Eteoneus, limping a little and wearing a bandage on his right hand, came towards him.
‘Have you any water left?’ said Menelaus. ‘My throat’s as dry as that sand.’
‘You’ll have to have wine in it, Yellowhead Menelaus. We’ve wine enough to swim in, but we’re nearly out of water.’
Menelaus made a face. ‘Make it as weak as you can,’ he said.
Eteoneus limped away and returned with the cup. Both went into the King’s hut and Eteoneus pulled the door to.
‘What did you do that for?’ said Yellowhead.

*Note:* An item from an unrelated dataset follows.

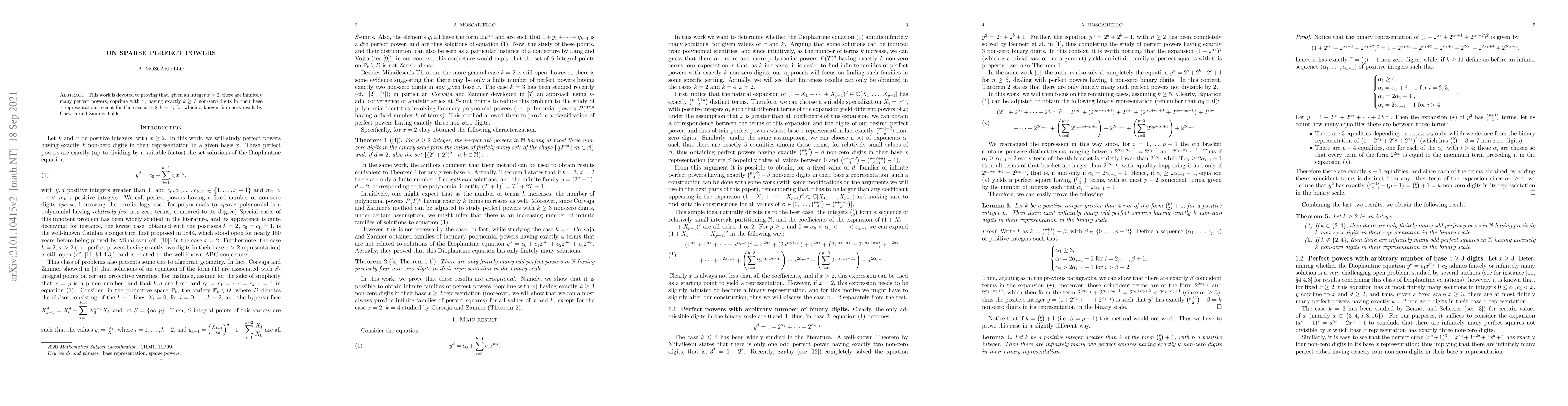 This work is devoted to proving that, given an integer $x \ge 2$, there are infinitely many perfect powers, coprime with $x$, having exactly $k \ge 3$ non-zero digits in their base $x$ representation, except for the case $x=2, k=4$, for which a known finiteness result by Corvaja and Zannier holds.

‘We have to talk, Menelaus.’
‘Talk? I think I’ll sleep again.’
‘Look,’ said Eteoneus, ‘here’s something you ought to know. When Agathocles brought all our share of the women down last night, he penned the rest of them in the big hut where we’ve been keeping the horses. He picketed the horses outside—safe enough now. But he put the Queen by herself in the hut beyond this.’

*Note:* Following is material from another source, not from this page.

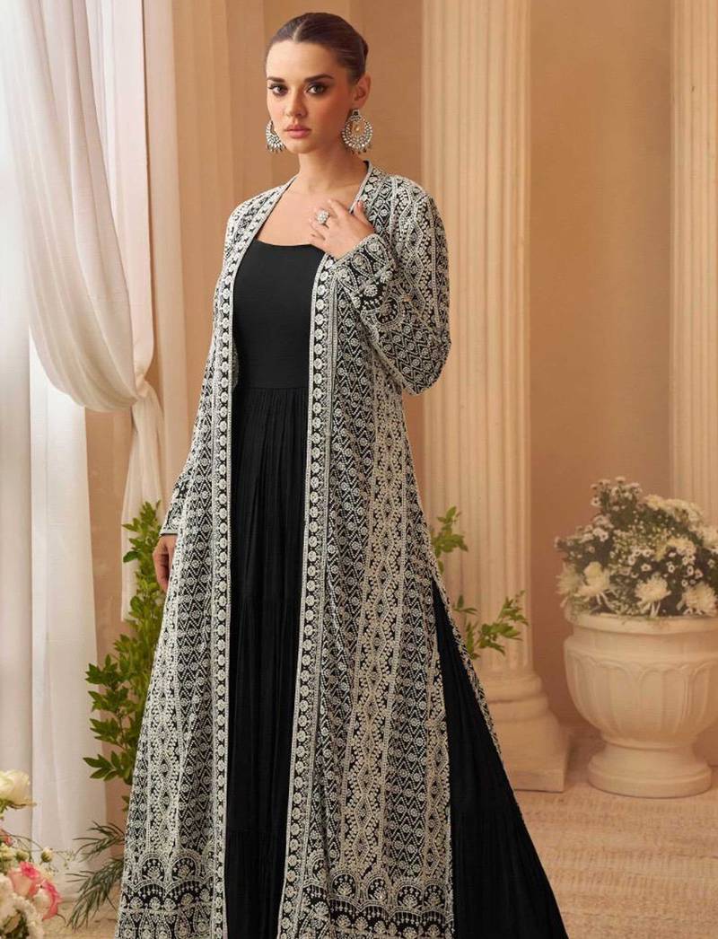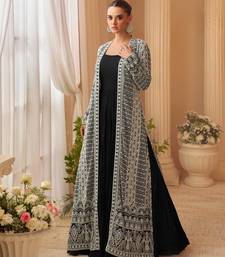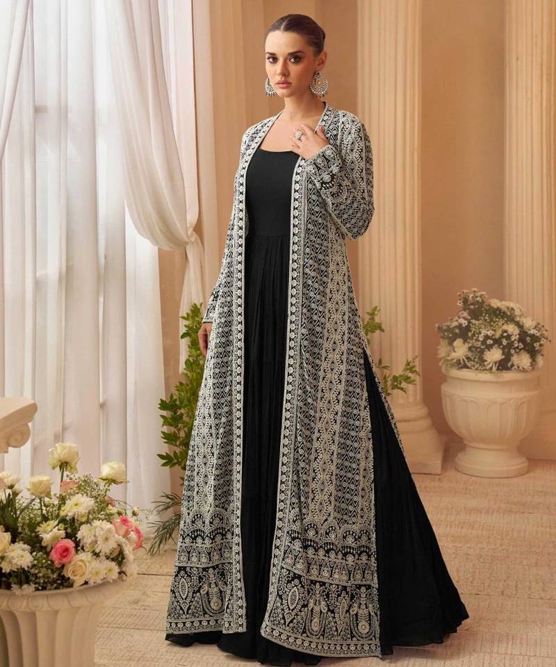 | Product Name | Black Chinon Silk Anarkali Jacket Suit With Heavy Zari, Thread And Sequins Work, Free Size Stitched. | |

‘Queen, you call her? How do you know she’s going to be a queen much longer? I haven’t given any orders. I haven
’t made up my mind.’
‘No, but the men have.’
‘What do you mean?’
‘That’s what they call her. And they call her Daughter of Zeus. And they saluted her hut when they went past it.’
‘Well, of all the—’
‘Listen, Menelaus. It’s no use at all thinking about your anger. You can’t treat her as anything but your Queen. The men won’t stand it.’
‘But, gates of Hades, I thought the whole army was longing for her blood! After all they’ve been through because of her.’

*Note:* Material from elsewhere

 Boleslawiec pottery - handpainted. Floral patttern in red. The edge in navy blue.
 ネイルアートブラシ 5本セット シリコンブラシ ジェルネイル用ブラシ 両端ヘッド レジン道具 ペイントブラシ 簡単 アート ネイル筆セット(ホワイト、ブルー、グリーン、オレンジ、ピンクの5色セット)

‘The army in general, yes. But not our own Spartans. She’s still the Queen to them.’
‘That? That faded, fat, old trot? Paris’s cast-off whore and the gods know whose besides? Are they mad? What’s Helen to them? Has everyone forgotten that it’s I who am her husband and her king, and their king too, curse them?’
‘If you want me to answer that, I must say something that’s not to your liking.’
‘Say what you please.’
‘You said you were her husband and their king. They’d say you are their king only because you’re her husband. You’re not of the blood royal of Sparta. You became their king by marrying her. Your kingship hangs on her queenship.’
Yellowhead snatched up an empty scabbard and hit savagely three or four times at a wasp that was hovering above a spilled wine-drop. ‘Cursed, cursed creature!’ he yelled. ‘Can’t I kill even you? Perhaps you’re sacred too. Perhaps Eteoneus here will cut my throat if I swot you. There! There!’
He did not get the wasp. When he sat down again he was sweating.